Rhinitis is a common pediatric disease with upper airway infection in which allergic rhinitis (AR) affecting 9.7% children in the United States (1). Some rhinitis symptoms are related to allergen exposures. Both epidemiologic and experimental studies have documented that exposure to traffic-related air pollutant (TRAP) increases the risk of allergen sensitization and allergic diseases (2–4), which suggested that allergens and TRAP may have synergistic effects on the development of rhinitis. TRAP refers to exposure to primary emissions from motor vehicles including carbon monoxide, nitrogen oxides (NOx) and particulate matter (PM). However, it is not feasible to measure all the components of TRAP, residential distance to the nearest freeway or main road has been accepted as one surrogate of TRAP using methods described previously (5). We previously reported that children living near major roads had increased risk of respiratory diseases, including wheeze (5), respiratory hospital admission, as well as significant deficits in lung function growth rate (6). These findings were also supported by biological evidence, which showed DEP enhances the allergen-specific IgE response in animal studies (7). In the present study, using data from Southern California Children’s Health Study (CHS), we assessed the individual and joint effects of air pollutants with allergen sensitization on development of rhinitis in children.

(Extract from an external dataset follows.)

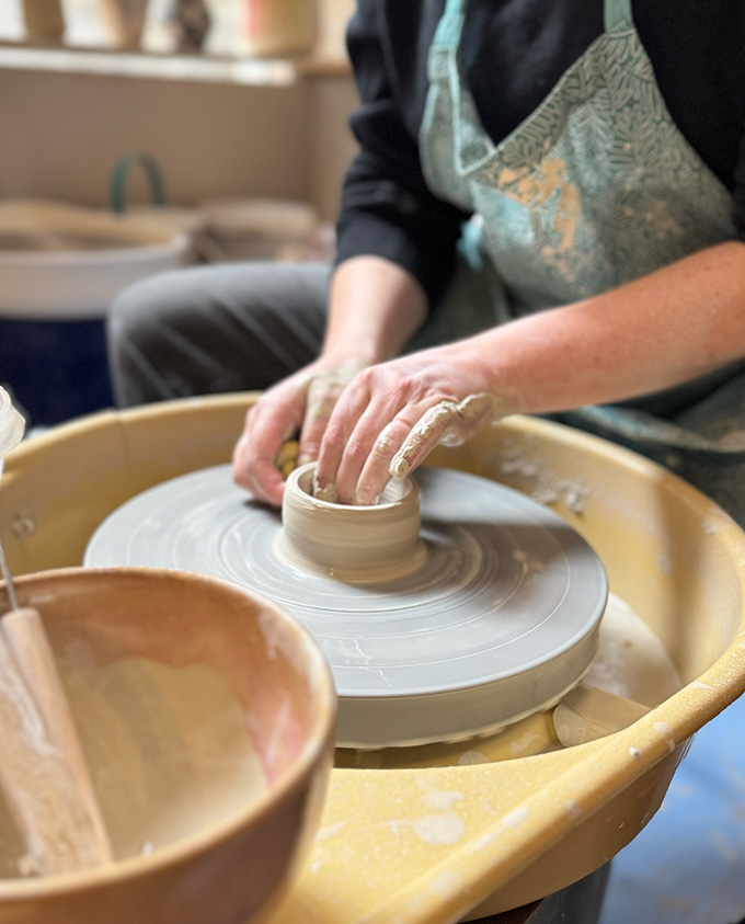 Beim ersten Termin zeige ich dir von der Pike auf wie man ein kleines Gefäß auf der elektrischen Töpferscheibe dreht.

From 5,277 CHS participants enrolled during 2002–2003, 695 children with and without asthma were selected for a sub-study (5). With parents’ consent, 232 underwent skin prick test (SPT) for selected common allergens including pollens (olive, coast oak, ragweed, thistle, timothy, and bermuda) and indoor allergens (dust mite mix, cat, dog, mouse, cockroach, and aspergillus). Sensitization was defined by positive SPT to any of allergens mentioned above. Using validated ISAAC questionnaire (8), we excluded children who provided affirmative answer to “In the past 12 months, has your child had a problem with sneezing or a runny or blocked nose when he/she DID NOT have a cold or flu” at baseline. 67 children were kept and followed for up to 8 years for new onset rhinitis identified by affirmative answer to the same question in ISAAC questionnaire updated annually. Other information including demographic characteristics, personal and family history of asthma and other respiratory conditions were obtained from questionnaire completed at baseline.
Based on results from a previous CHS cohort showing respiratory health associations on the spatial scale, residential distance to the nearest freeway was categorized as <500m and ≥500 m. Ambient levels of NO2, particulate matter with aerodynamic diameter <10 micrometer (PM10) and 2.5 micrometer (PM2.5), and O3 were measured continuously at monitor station in each community and annual average levels prior to baseline were calculated. Two times of standard deviation of ambient air pollutants (NO2-12 ppb; PM2.5-10 μg/m3; PM10 - 21 μg/m3; O3; 14 ppb) were used as the unit to measure the hazard ratio.
Cox proportional hazards models were used to investigate the association between allergen sensitization, or/and air pollutants, and the risk for developing rhinitis. All models were adjusted for age, sex, and asthma status at the time of SPT assessment. For those showing evidence for a potential interaction, joint modeling of sensitization and TRAP exposure was further performed.
Among the 67 participants, 17 (25.4%) were identified as sensitized to at least one allergen in the tested SPT panel including 5 were sensitized to both pollens and indoor allergens. Eleven children were sensitized to more than one tested allergens. During follow up, 36 (53.7%) children developed rhinitis. Thirteen of the 17 (76.5%) sensitized children developed rhinitis. It was found that children who had any allergen sensitization were 2.52 times (95% CI: 1.23–5.15) as likely to develop rhinitis as those who had no allergen sensitization. The risk of rhinitis increased with the number of allergens to which a child showed sensitization (Ptrend<0.001). No statistically significant associations were observed between the occurrence of new onset rhinitis with ambient PM10 (HR=1.21; 95% CI: 0.54–2.71), PM2.5 (HR=1.19; 95% CI: 0.54–2.59), NO2 (HR=0.95; 95% CI: 0.48–1.89), or O3 (HR=0.93; 95% CI: 0.48–1.81).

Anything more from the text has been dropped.